7.5.5. General arguments in derivations

In order to manage general arguments in our system of derivations, we need a further sort of scope line. The portion of a derivation that constitutes a general argument will be marked by a scope line that is flagged by the independent term on which we generalize (as shown in Figure 7.5.5-1).

│⋯
│ⓐ
││
││⋯
││
│⋯

Fig. 7.5.5-1. A veil of ignorance flagged by the independent term a.

This flagging declares that the term is independent. Indeed, we will require that a term flagging a scope line appear only to its right, so the scope line will mark the scope of the term’s use. In either form, the requirement is designed to insure that the independent term maintains no ties to the outside of the general argument so that, within the argument, it might refer to anything at all.

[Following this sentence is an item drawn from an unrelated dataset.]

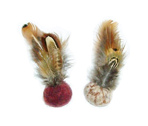 -. Feature : A TOY CATS LOVE These fun little assorted cat toys are sure to keep any playful feline busy for hours on end. Specially crafted to inspire any kitten or full grown cat toy chase, hunt, stalk, throw, and carry- these unique little toys are the perfect special gift for any special kitty. / ORGANIC CATNIP Each 'felt ball' is filled with 100% organic catnip raised in the USA. / UPCYCLED These toys are made from upcycled felt material- so you can rest assured that they truly are a great eco-friendly product for your cat. Each toy is also 100% biodegradable so once your cat has used it to pieces (pun intended) you can discard of it without guilt. / NATURALLY DELIGHTFUL The natural (undyed) feathers in this toy inspire many cats to get up and play, mimicking one of their natural prey- birds. / HANDMADE IN THE USA Each one of these toys is specially crafted in Minnesota, USA and will vary slightly in size and shape because of this. Each toy comes in assorted colors due to the 'upcycled felt', but we guarantee no matter what hue these toys are- your cats will love them. They are the high quality you'd expect from specially handcrafted products.

For this reason, we will speak of a scope line flagged by a term as a veil of ignorance.

The limitation of the appearance of the independent term to the portion of the derivation marked by its scope line is more than is necessary to stay in accord with the laws for universals as conclusions. They require only that the term not appear in either the goal or the active resources of the gap that the vertical line spans, but we will never run short of terms and the stronger requirement is far easier to check.

Now, let us look at the planning rule for universal goals. It is known as Universal Generalization (UG) and is shown in 7.5.5-2.

│⋯
││⋯
││
││
││
││
│├─
││∀x … x …
│⋯
│⋯
││⋯
││
││
││├─
│││… a … n
│├─
n UG ││∀x … x …
│⋯

Fig. 7.5.5-2. Developing a derivation at stage n by planning for an unrestricted universal; the independent term a may be any unanalyzed term that is new to the derivation.

We try to reach our goal by a general argument, so we choose as our independent term an unanalyzed term a that is new to the derivation. An instance of ∀x …x… for the term a is the goal of the general argument, and further development of the gap lies on the other side of a veil of ignorance concerning that independent term.

The short derivation shown below illustrates this rule. It shows that, if a relation R is universal in the sense of holding of any pair of things, then it is reflexive.

│∀x ∀y Rxy a:2
├─
│ⓐ
2 UI ││∀y Ray a:3
3 UI ││Raa (4)
││●
│├─
4 QED ││Raa 1
├─
1 UG │∀x Rxx

At the initial stage here, there is no vocabulary from which a term may be formed—and UI should be used to introduce new terms only as a last resort—so we apply the planning rule to the universal conclusion. After applying it, we have vocabulary for use with the exploitation rule, and we apply that rule twice for the term a. It would have been legitimate to exploit either universal resource for any other term τ as well, but that would not have contributed to closing the gap.

The following derivation illustrates the limitations on the scope of a term.

│∀x Rax c:2
│∀x ∀y (Rxy → ∀z Ryz) a:3
├─
│ⓒ
2 UI ││Rac (5)
3 UI ││∀y (Ray → ∀z Ryz) c:4
4 UI ││Rac → ∀z Rcz 5
5 MPP ││∀z Rcz b:6
6 UI ││Rcb (7)
││●
│├─
7 QED ││Rcb 1
├─
1 UG │∀x Rxb

The independent term used here could not have been either a or b since both appear beyond the scope line of the general argument, one in a premise and the other in the conclusion.

The derivation shown here minimizes the use of UI, and the particular choice of instances needed to do this might not be obvious. Once the first premise is instantiated for c, the next two instantiations are designed to set up the use of MPP at stage 5, but it is probably less obvious that c is the best choice for the initial instantiation. It is fine to experiment, and there is no need to back up if you do not make the best choice. A derivation is never damaged by extra uses of UI; and, when we go on to use derivations to show the failure of entailments involving generalizations in 7.7, we will require that, before a derivation can reach a dead end, any universal resource must be exploited for at least term from each alias set.